As a general principle, GIGO: garbage in, garbage out.

Indeed Atomsk assumes that the input file is consistent, i.e. that the number of atoms declared at the beginning corresponds to the actual number of atoms whose positions are given afterwards. If it is not the case, it can lead to errors. So, when removing atoms manually I recommend to also modify the number of atoms declared at the beginning of the file, so as to maintain consistency. In LAMMPS data files that means also changing the index of atoms, which can be quite tedious to do by hand.

I understand that it would be useful if Atomsk could read the input file and "fix" the inconsistencies automatically, however this poses several problems. Imagine a file where the actual number of atoms is different from the declared number of atoms. I can think of at least four different reasons for that:

(1) the user added or deleted atoms in the file "by hand" (this is the one you describe);
(2) the user modified the declaration of number of atoms at the beginning, because he wants to get rid of the last atoms (because if the user messed up the file by hand, he could have modified any line, anywhere in the file);
(3) the software that wrote the file is buggy and produced the inconsistency without the user's knowledge (so, should Atomsk try to "fix" it without the user's knowledge?);
(4) the file was corrupted on the disk, because of an error during copy or network transfer (yes, hardware problems can still occur).

It is impossible to know which solution is correct, so the programmer has to make a choice. I think that the safest and most general choice, is to display a warning to tell the user that the input file is inconsistent, because the user should be made aware of such problems, instead of trying to hide them under the carpet.

By the way, this behaviour is also the one of many other softwares like LAMMPS, Ovito, VESTA etc.: if the input file does not comply to the format or contains inconsistencies, these softwares will also complain and refuse to proceed.

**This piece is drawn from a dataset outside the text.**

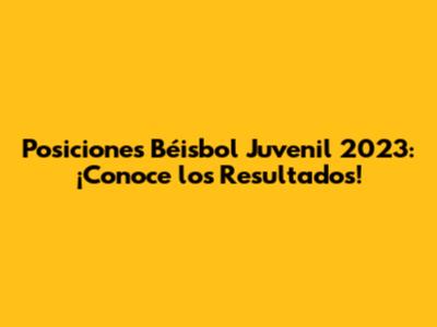 Posiciones Béisbol Juvenil 2023: ¡Conoce Los Resultados!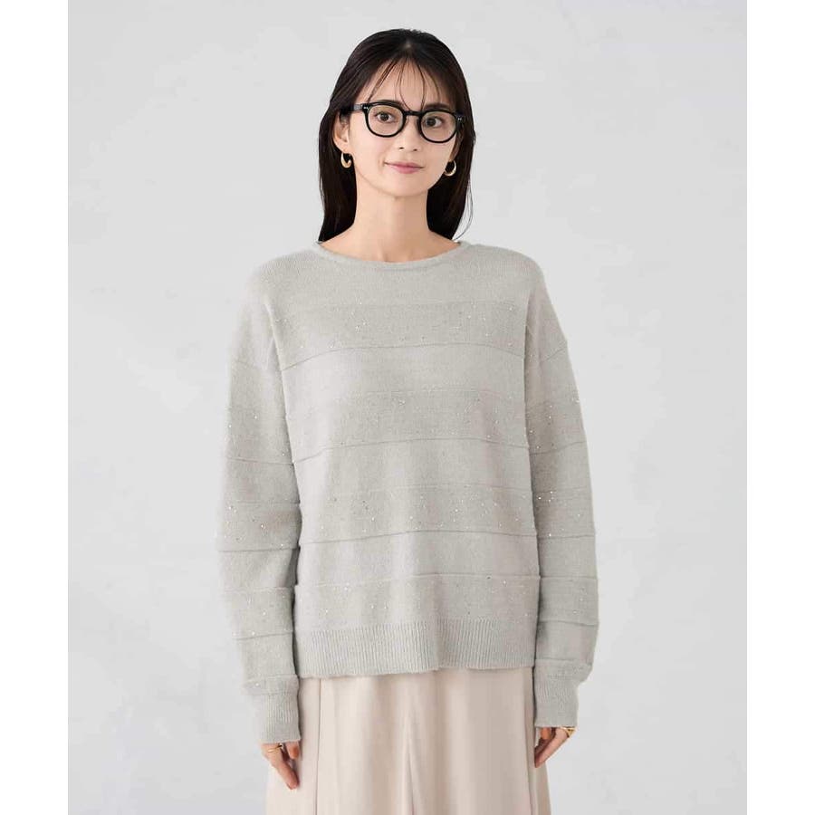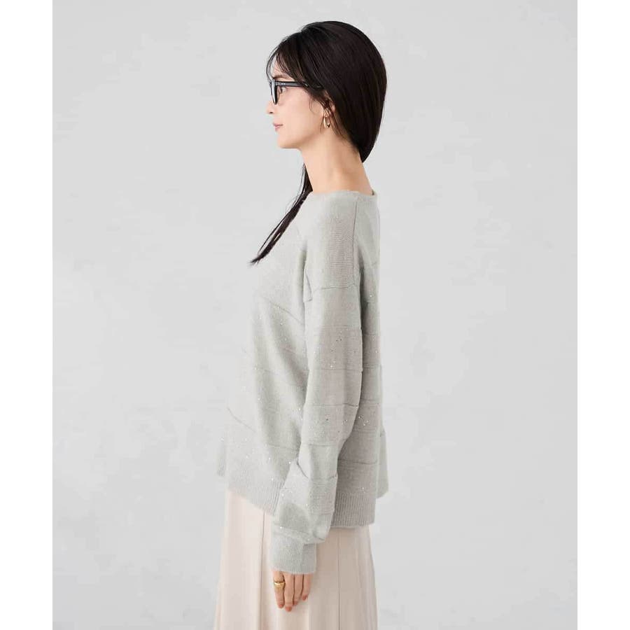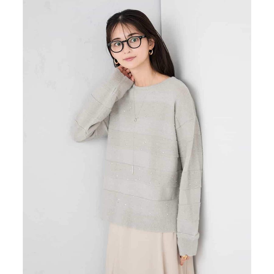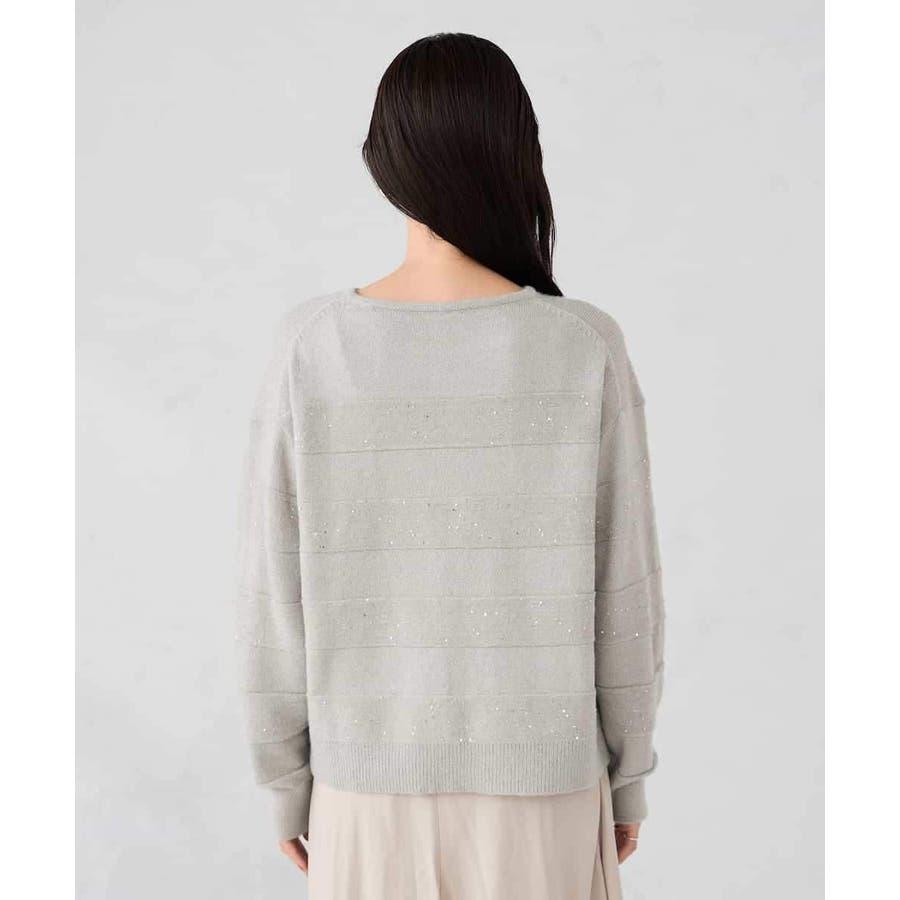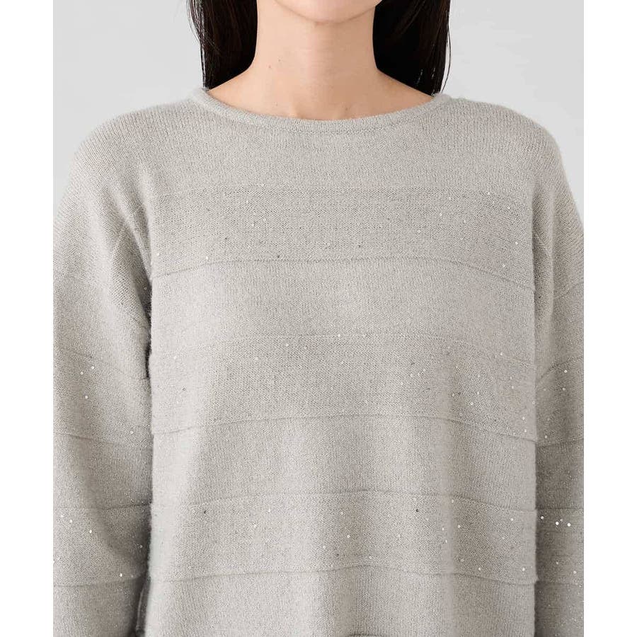 ・風合い良い柔らかなニットに同色のスパンコールでボーダー柄を表現

So, the behaviour you describe is not a bug, it's a feature ;-) And I do not think anything can be done to try and "fix" it. But I will leave this thread open for you to explain your ideas on this topic.

from atomsk.

jguenole avatar jguenole commented on August 17, 2024

Hi!

I see! Thanks for this detailed description!

I understand that I might be talking about a very specific case (Lammps data file in a "dirty" work pipeline). To be very precise, here was my pipline:

  • lmp file created by atomsk,
  • atom removed with Ovito > exported in lmp
  • read and relaxed by lammps > output in *lmp format
  • read by atomsk to create a solid solution: WARNING out of bounds

The out of bounds index didn't crash Lammps nor Ovito. Also, in some case, it might be interesting to have non-continuous atom index, for example to differentiate two phases (but I agree that it could be considered as "bad practice").

If you think this is too specific or/and could lead to unwanted behavior, feel free to close this "issue" :)

from atomsk.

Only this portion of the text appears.